O único problema foi a minha ilusão de que os alemães eram mesmo super fãs do seu próprio espaço pessoal e que o show do Gogol Bordello seria como o do DeVotchKa. Ledo engano. Eu estava até achando bem estranho que todos estivessem me deixando passar. Já estava quase na grade, quando o show começou. Uma vibração absurda tomou conta do lugar. Conheci, então, uma faceta dos alemães que ainda me era incógnita: eles sabem ser animalescos. Foi cotovelada para todas as direções, enquanto uma onda de pessoas avançavam para o palco. Não é exagero: eu pensei que morreria quando um OGRO que estava ao meu lado enfiou com vontade o cotovelo no meu pescoço. Mas, ao mesmo tempo, tomou conta de mim uma energia vital impressionante. Eu pulava junto com a multidão enquanto via o Eugene e o Sergey bem na minha cara. Tudo girava, a música penetrava os meus ouvidos e eu entrei em êxtase. Mal podia acreditar que era mesmo o Gogol Bordello, que era mesmo Colônia, que era mesmo eu que estava vivendo aquilo tudo. Passados os primeiros momentos de empolgação extrema, caí na real e percebi que realmente corria risco de morrer se continuasse na grade, disputando meu metro quadrado com um cara bigodudo de dois metros de altura. Fui para a lateral, de onde também podia ver muito bem, e ali dancei feito louca. Cantei alto todas as músicas, perdi a voz, perdi o controle e esqueci do mundo. Suei em bicas, tive uma dor horrorosa na panturrilha no dia seguinte e fiquei literalmente destruída. Digo, apesar disso, que foi o melhor show da minha vida. Delírio. Sem contar as horas em que eu usei a língua portuguesa como instrumento de catarse e gritei bem alto coisas que ninguém entenderia (ou quase ninguém. Descobri, no dia seguinte, que o Eugene - vocalista da banda - já tinha morado no Brasil e falava português). O ponto auge do show foi, inclusive, uma hora em que ele disse que tocariam uma versão gypsy-punk-sambatronic de uma música e eu gritei: "SAMBAAAA!" e o Eugene RESPONDEU: "let's see if you can dance samba, then!" e eu enlouqueci. Foi mesmo catártico.

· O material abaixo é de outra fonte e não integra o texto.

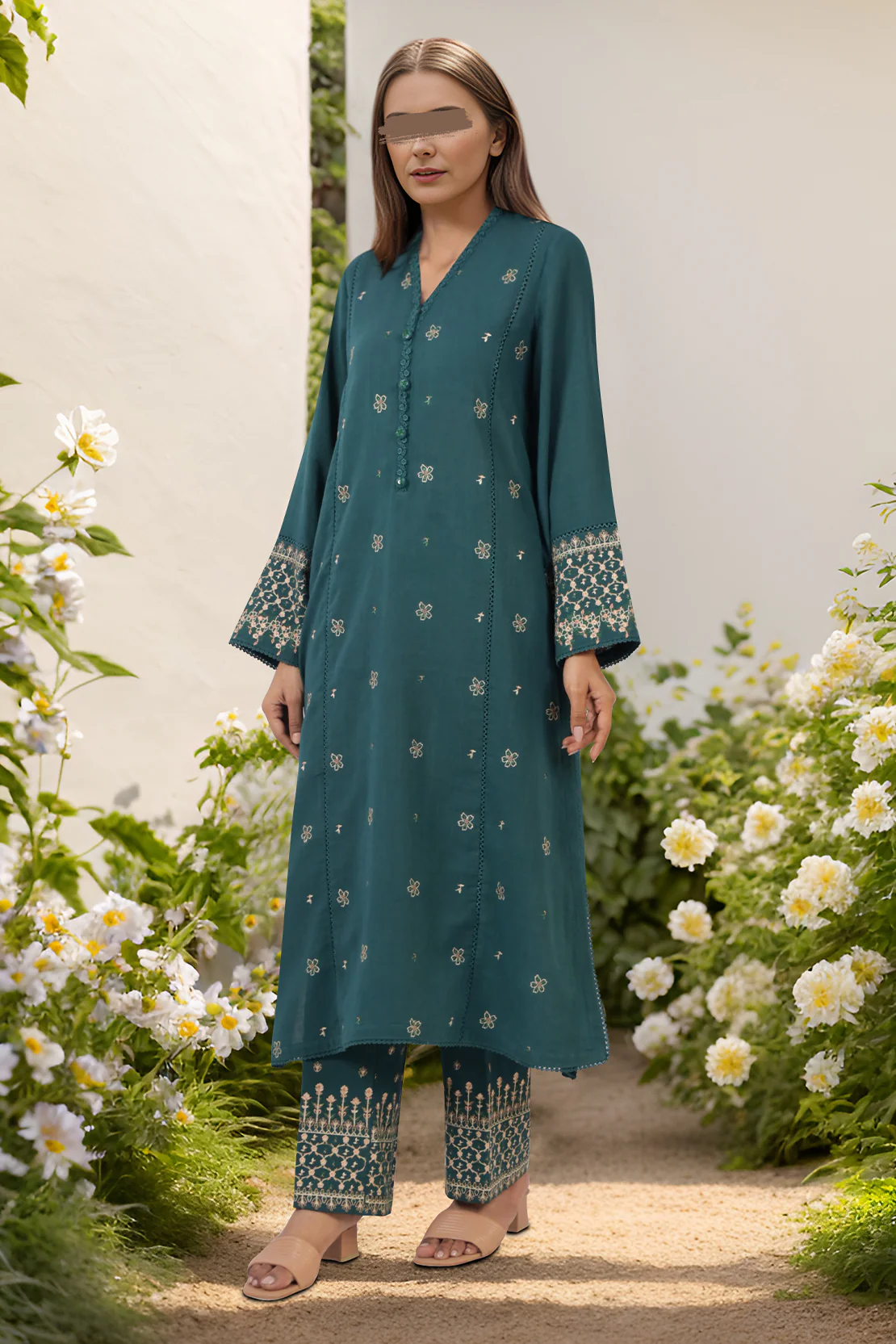 Embrace the warmth of winter with this unstitched embroidered khaddar 2-piece set in an elegant teal green. Featuring premium khaddar fabric, the ensemble includes a 1.20-meter embroidered shirt and a 1.10-meter embroidered trouser, perfect for creating customized winter looks. The intricate embroidery and soft fabric make it ideal for festive occasions or casual wear.
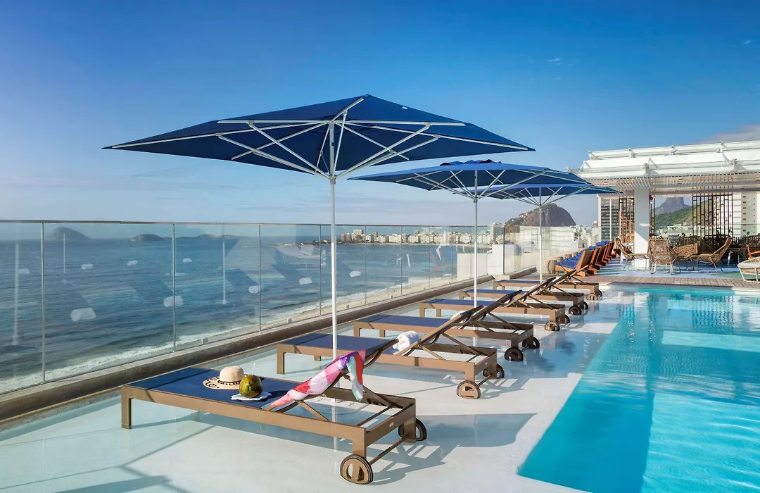 Novotel Rio de Janeiro Leme, a 4-star hotel rated 8.2/10 on Booking.com, offers a rooftop outdoor pool, bar, and panoramic views. The hotel provides free WiFi, modern room amenities, and is situated just 328 ft from Leme Beach.
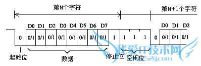(5)空闲位:空闲位是指从一个字符的停止位结束到下一个字符的起始位开始,表示线路处于空闲状态,必须由高电平来填充。
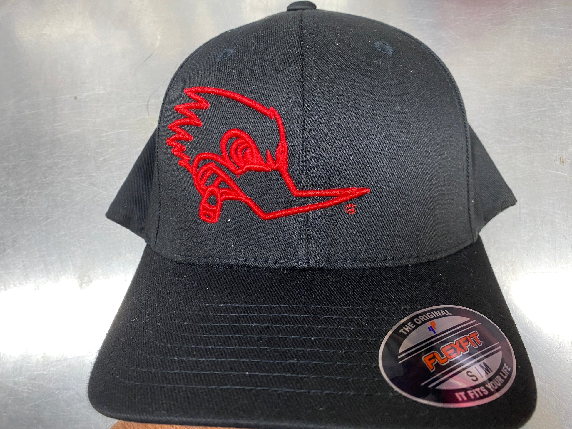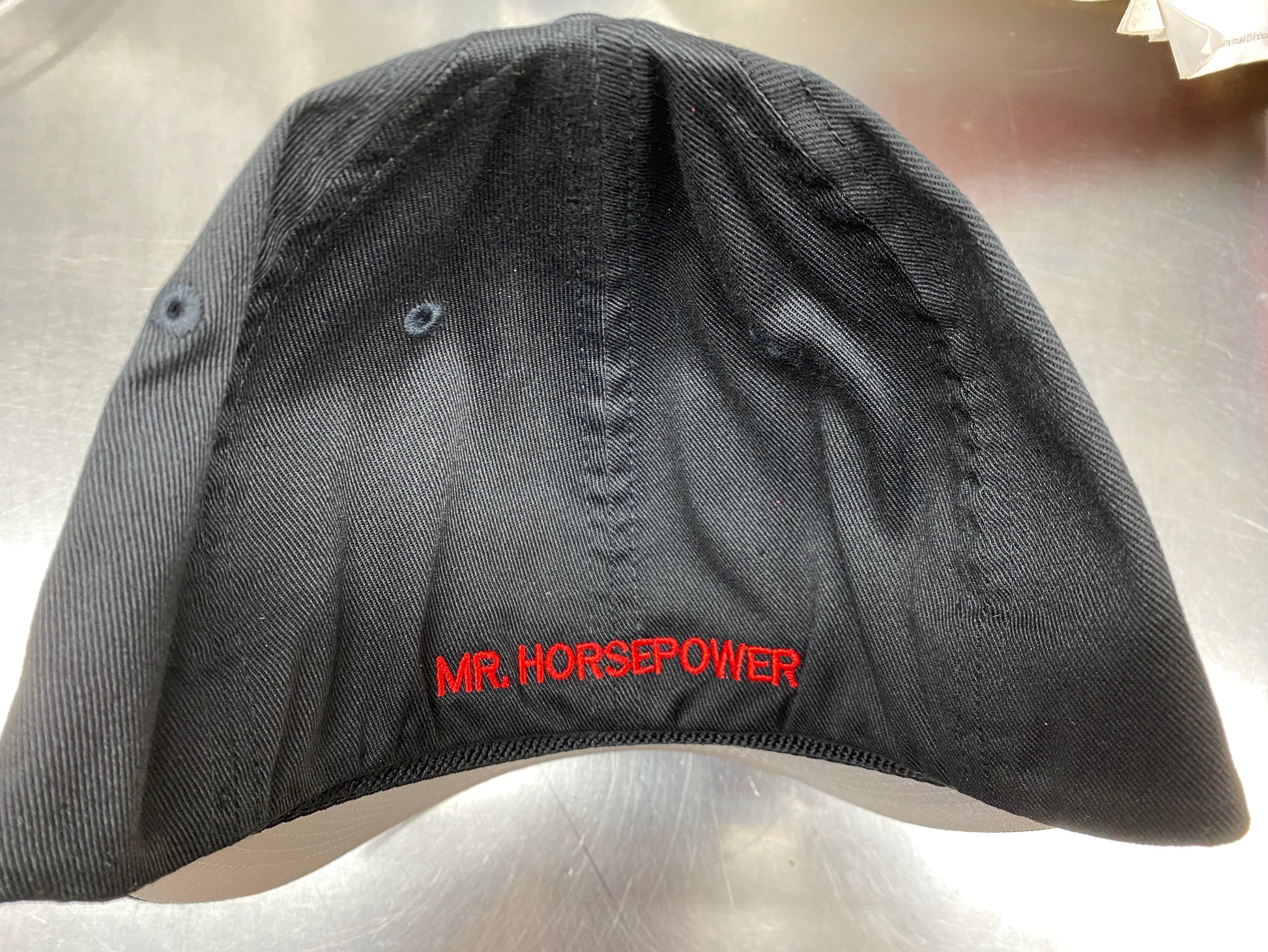 Mr. Horsepower in a sleek, outlined design. Embroidered in red thread slightly to the side of a Black FlexFit Hat.
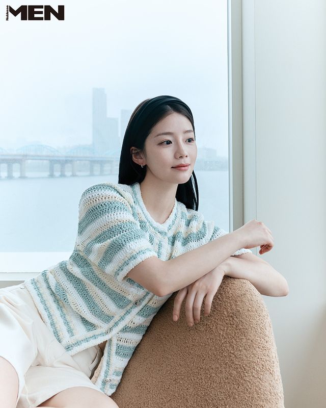 은은한 반짝임의 니트 크로셰 카디건과 화이트 데님 쇼츠 모두 Mine, 이어링 스타일리스트 소장품.
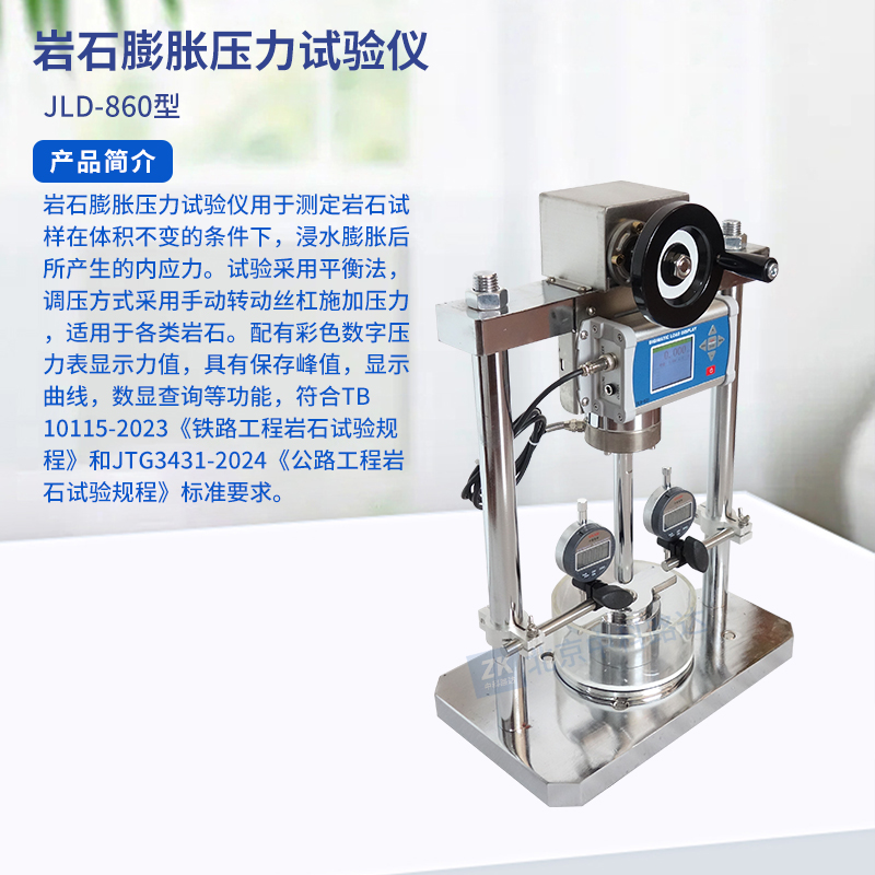 巖石膨脹壓力試驗(yàn)儀用于測(cè)定巖石試樣在體積不變的條件下,浸水膨脹后所產(chǎn)生的內(nèi)應(yīng)力。試驗(yàn)采用平衡法,調(diào)壓方式采用手動(dòng)轉(zhuǎn)動(dòng)絲杠施加壓力,適用于各類巖石。配有彩色數(shù)字壓力表顯示力值,具有保存峰值,顯示曲線,數(shù)顯查詢等功能,符合TB 10115-2023《鐵路工程巖石試驗(yàn)規(guī)程》和JTG3431-2024《公路工程巖石試驗(yàn)規(guī)程》標(biāo)準(zhǔn)要求。

E aí, depois do show, eu estava estragada. Não conseguia andar, conversar nem reagir a nada. Fiquei entorpecida e só conseguia sorrir. Fomos, de lá, procurar o Emilio, a Francesca e seus amigos italianos. Voltamos para a Früh e ficamos lá até fechar. De lá, direto para a estação central, onde pegaríamos o trem somente às seis da manhã. Exausta, deitei no banquinho da padaria e dormi feito um bebê. Algumas horas depois, estava de volta a Saarbrücken, onde passei o resto do fim de semana dormindo e me reidratando, tomando cuidado para não acabar ainda mais com a minha panturrilha. Em uma palavra? SUBLIME.